ML 17334 RAG
The report The economic potential of generative AI: The next productivity frontier, published by McKinsey & Company, estimates that generative AI could add an equivalent of $2.6 trillion to $4.4 trillion in value to the global economy. The largest value will be added across four areas: customer operations, marketing and sales, software engineering, and R&D.
The potential for such large business value is galvanizing tens of thousands of enterprises to build their generative AI applications in AWS. However, many product managers and enterprise architect leaders want a better understanding of the costs, cost-optimization levers, and sensitivity analysis.
This post addresses these cost considerations so you can optimize your generative AI costs in AWS.
The post assumes a basic familiarity of foundation model (FMs) and large language models (LLMs), tokens, vector embeddings, and vector databases in AWS. With Retrieval Augmented Generation (RAG) being one of the most common frameworks used in generative AI solutions, the post explains costs in the context of a RAG solution and respective optimization pillars on Amazon Bedrock.
In Part 2 of this series, we will cover how to estimate business value and the influencing factors.
Designing performant and cost-effective generative AI applications is essential for realizing the full potential of this transformative technology and driving widespread adoption within your organization.
Forecasting and managing costs and performance in generative AI applications is driven by the following optimization pillars:
Let’s dive deeper to examine these factors and associated cost-optimization tips.
RAG helps an LLM answer questions specific to your corporate data, even though the LLM was never trained on your data.
As illustrated in the following diagram, the generative AI application reads your corporate trusted data sources, chunks it, generates vector embeddings, and stores the embeddings in a vector database.
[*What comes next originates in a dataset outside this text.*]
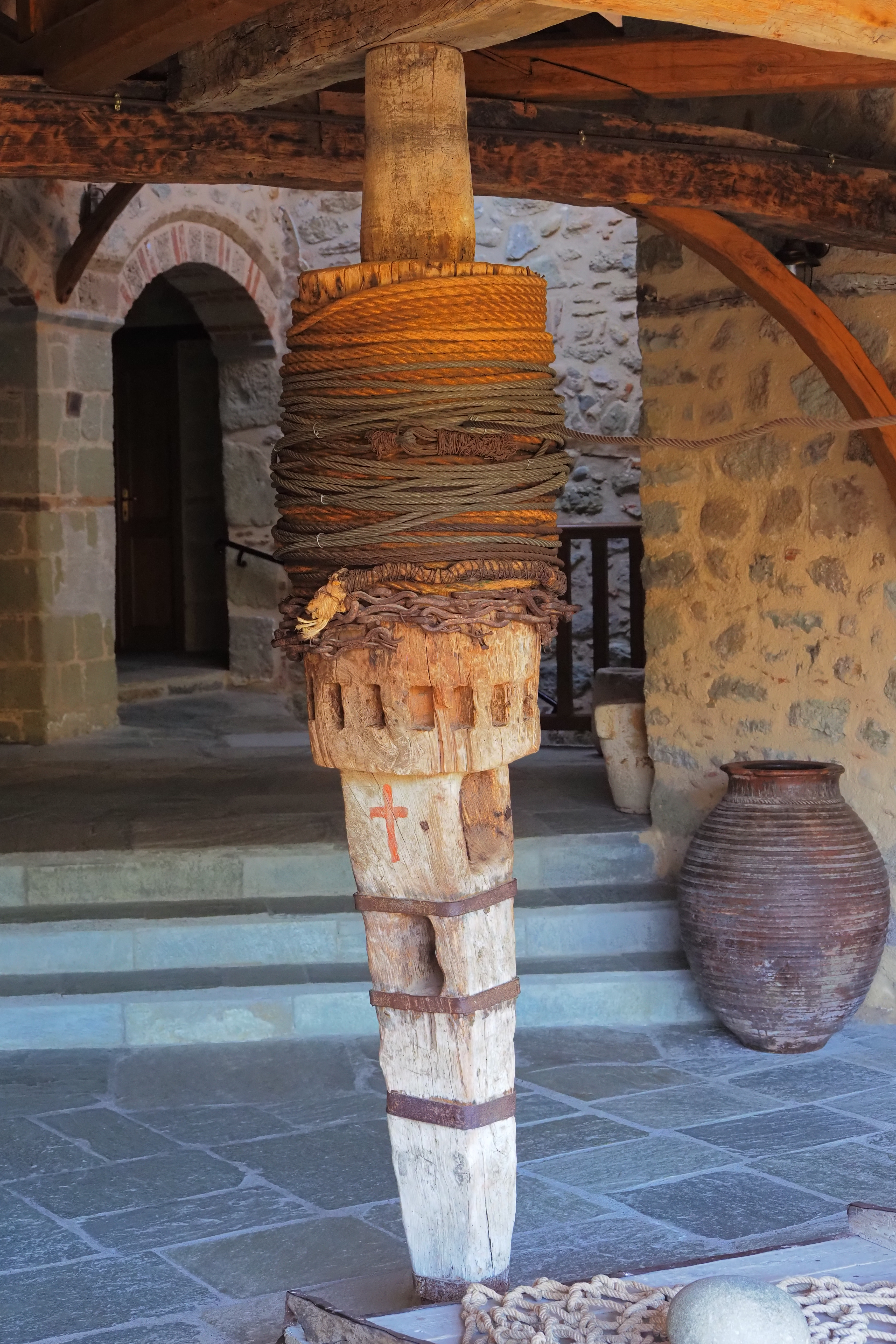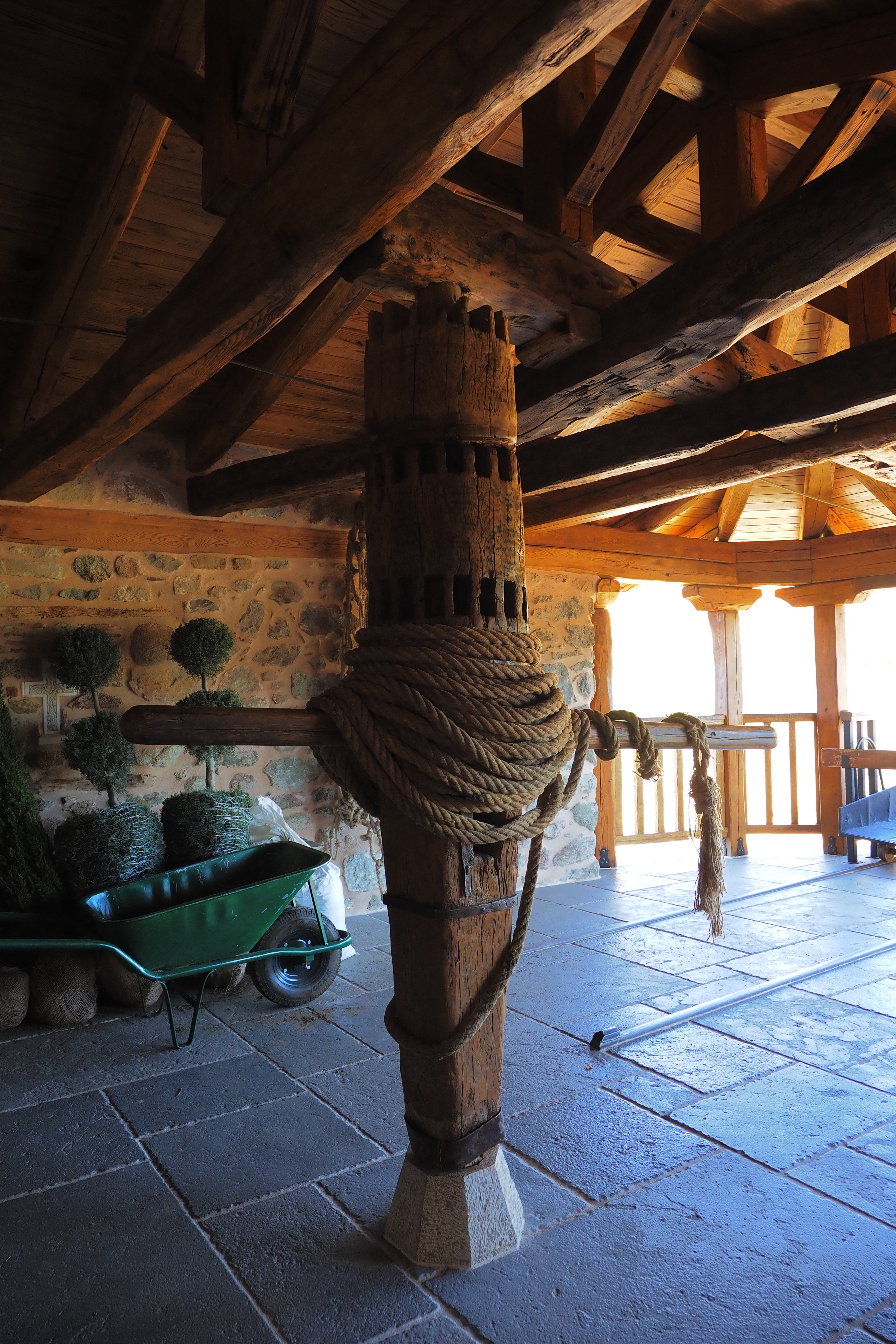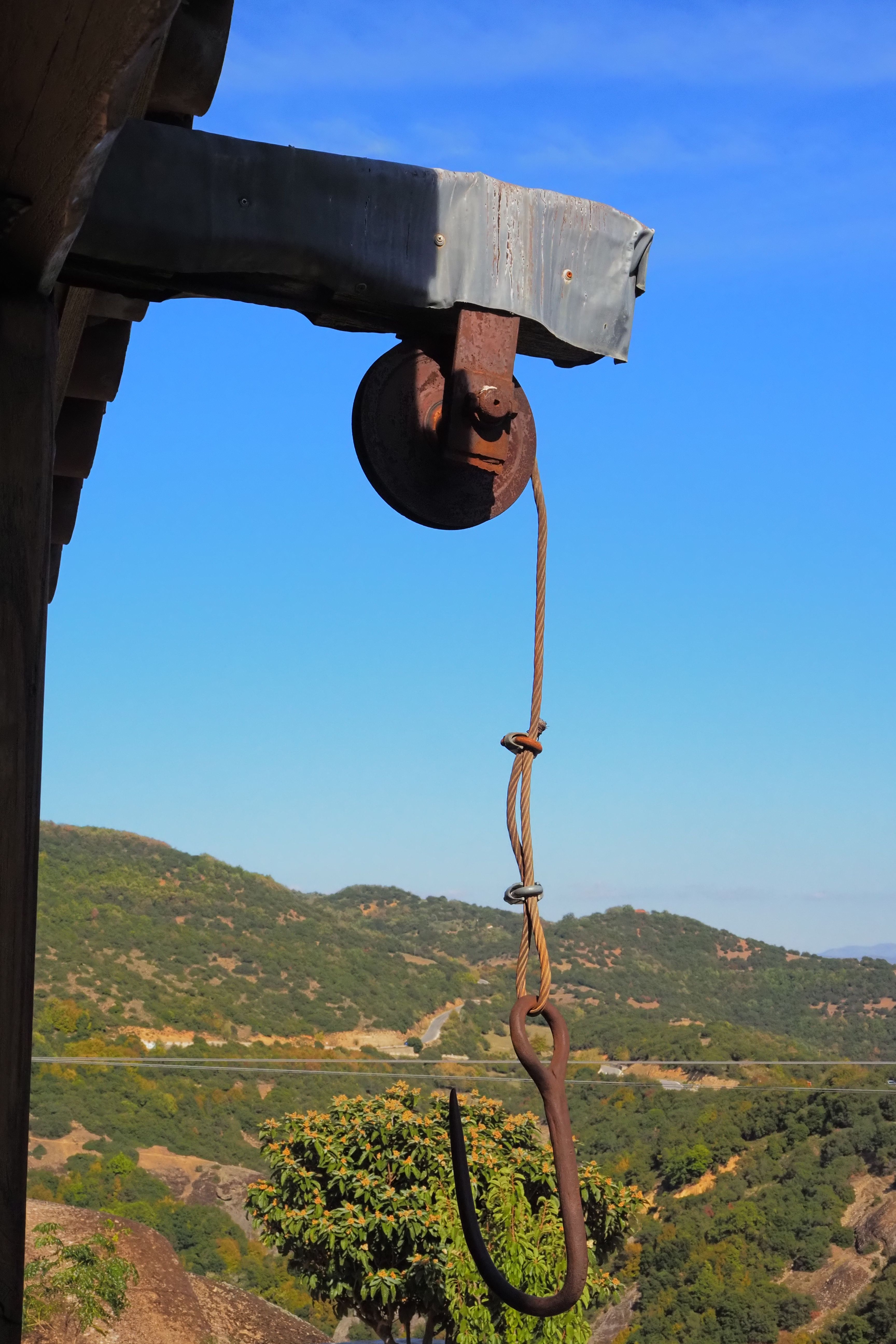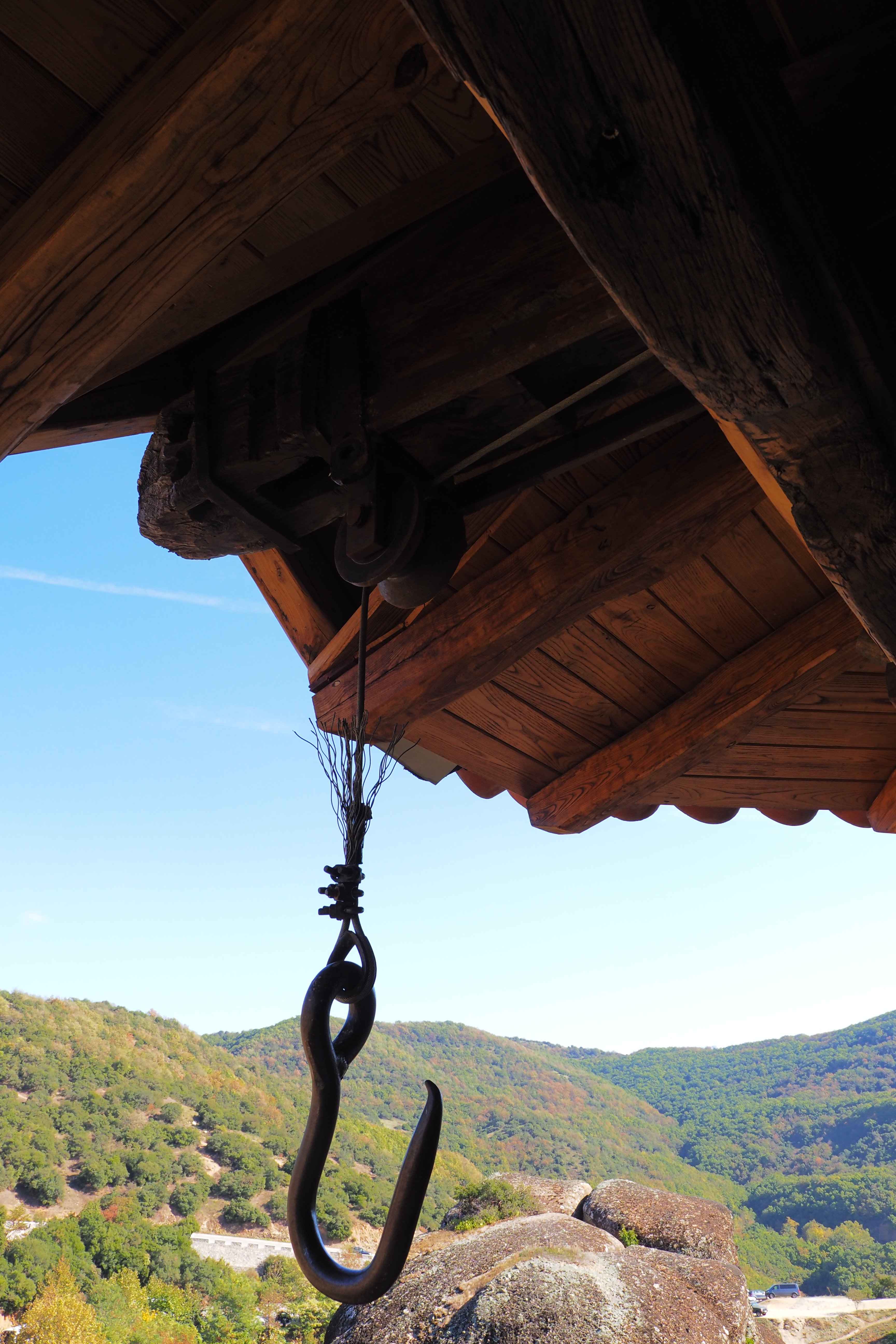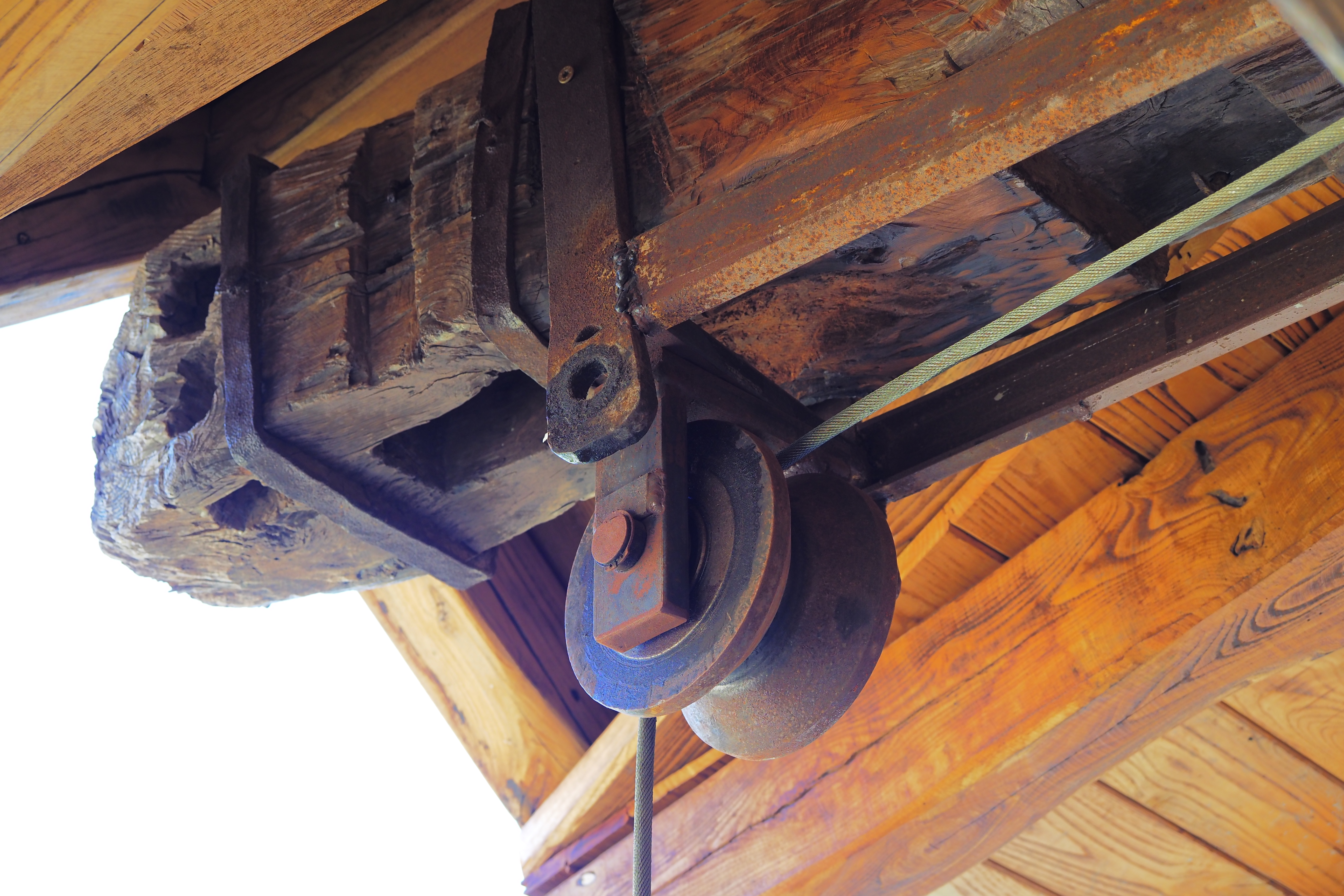 荷物を搬入するための巻き上げ式ロープと滑車がある。現役なのかな。

The vectors and data stored in a vector database are often called a knowledge base.
The generative AI application uses the vector embeddings to search and retrieve chunks of data that are most relevant to the user’s question and augment the question to generate the LLM response. The following diagram illustrates this workflow.
The workflow consists of the following steps:
Amazon Bedrock is a fully managed service providing access to high-performing FMs from leading AI providers through a unified API. It offers a wide range of LLMs to choose from.
In the preceding workflow, the generative AI application invokes Amazon Bedrock APIs to send text to an LLM like Amazon Titan Embeddings V2 to generate text embeddings, and to send prompts to an LLM like Anthropic’s Claude Haiku or Meta Llama to generate a response.
The generated text embeddings are stored in a vector database such as Amazon OpenSearch Service, Amazon Relational Database Service (Amazon RDS), Amazon Aurora, or Amazon MemoryDB.
A generative AI application such as a virtual assistant or support chatbot might need to carry a conversation with users. A multi-turn conversation requires the application to store a per-user question-answer history and send it to the LLM for additional context. This question-answer history can be stored in a database such as Amazon DynamoDB.
The generative AI application could also use Amazon Bedrock Guardrails to detect off-topic questions, ground responses to the knowledge base, detect and redact PII information, and detect and block hate or violence-related questions and answers.
Now that we have a good understanding of the various components in a RAG-based generative AI application, let’s explore how these factors influence costs while running your application in AWS using RAG.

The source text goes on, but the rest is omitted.